В книге рассказывается история главного героя, который сталкивается с различными проблемами и препятствиями на протяжении всего своего путешествия. По пути он встречает множество второстепенных персонажей, которые играют важные роли в истории. Благодаря опыту главного героя книга исследует такие темы, как любовь, потеря, надежда и стойкость. По мере того, как главный герой преодолевает свои трудности, он усваивает ценные уроки жизни и растет как личность.
В книге рассказывается история главного героя, который сталкивается с различными проблемами и препятствиями на протяжении всего своего путешествия. По пути он встречает множество второстепенных персонажей, которые играют важные роли в истории. Благодаря опыту главного героя книга исследует такие темы, как любовь, потеря, надежда и стойкость. По мере того, как главный герой преодолевает свои трудности, он усваивает ценные уроки жизни и растет как личность.
В книге рассказывается история главного героя, который сталкивается с различными проблемами и препятствиями на протяжении всего своего путешествия. По пути он встречает множество второстепенных персонажей, которые играют важные роли в истории. Благодаря опыту главного героя книга исследует такие темы, как любовь, потеря, надежда и стойкость.

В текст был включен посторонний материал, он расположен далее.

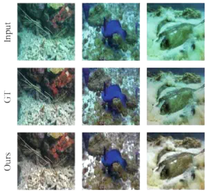 Enhancing image quality is crucial for achieving an accurate and reliable image analysis in vision-based automated tasks. Underwater imaging encounters several challenges that can negatively impact image quality, including limited visibility, color distortion, contrast sensitivity issues, and blurriness. Among these, depending on how the water filters out the different light colors at different depths, the color distortion results in a loss of color information and a blue or green tint to the overall image, making it difficult to identify different underwater organisms or structures accurately. Improved underwater image quality can be crucial in marine biology, oceanography, and oceanic exploration. Therefore, this paper proposes a novel Generative Adversarial Network (GAN) architecture for underwater image enhancement, restoring good perceptual quality to obtain a more precise and detailed image. The effectiveness of the proposed method is evaluated on the EUVP dataset, which comprises underwater image samples of various visibility conditions, achieving remarkable results. Moreover, the trained network is run on the RPi4B as an embedded system to measure the time required to enhance the images with limited computational resources, simulating a practical underwater investigation setting. The outcome demonstrates the presented method applicability in real-world underwater exploration scenarios.
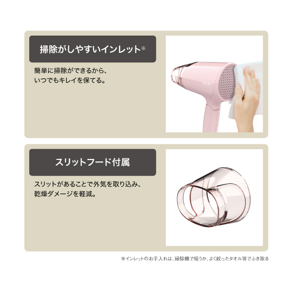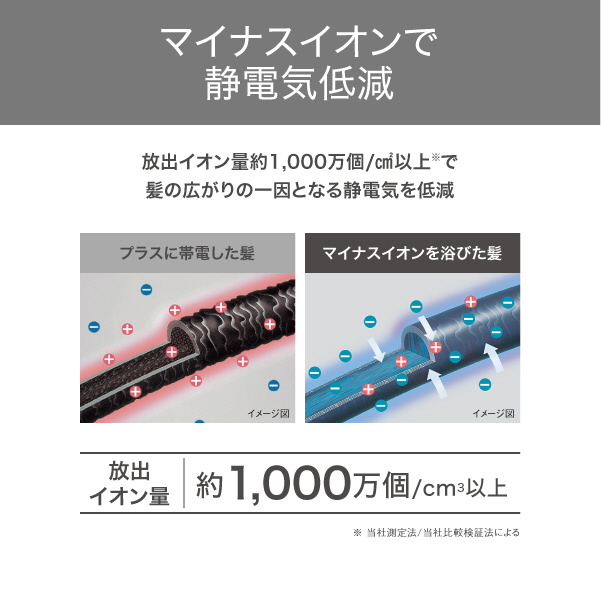 すばやく乾かす大風量とマイナスイオンで髪、まとまる。

По мере того, как главный герой преодолевает свои трудности, он усваивает ценные уроки жизни и растет как личность.
Якоб Бургиу выбрал для себя естественную эпическую форму. Прозаика интересует не поэтапное формирование героя, он предпочел ретроспективу и оторвал его от привычной среды. И здесь возникает новая тема: диалог мечты и действительности.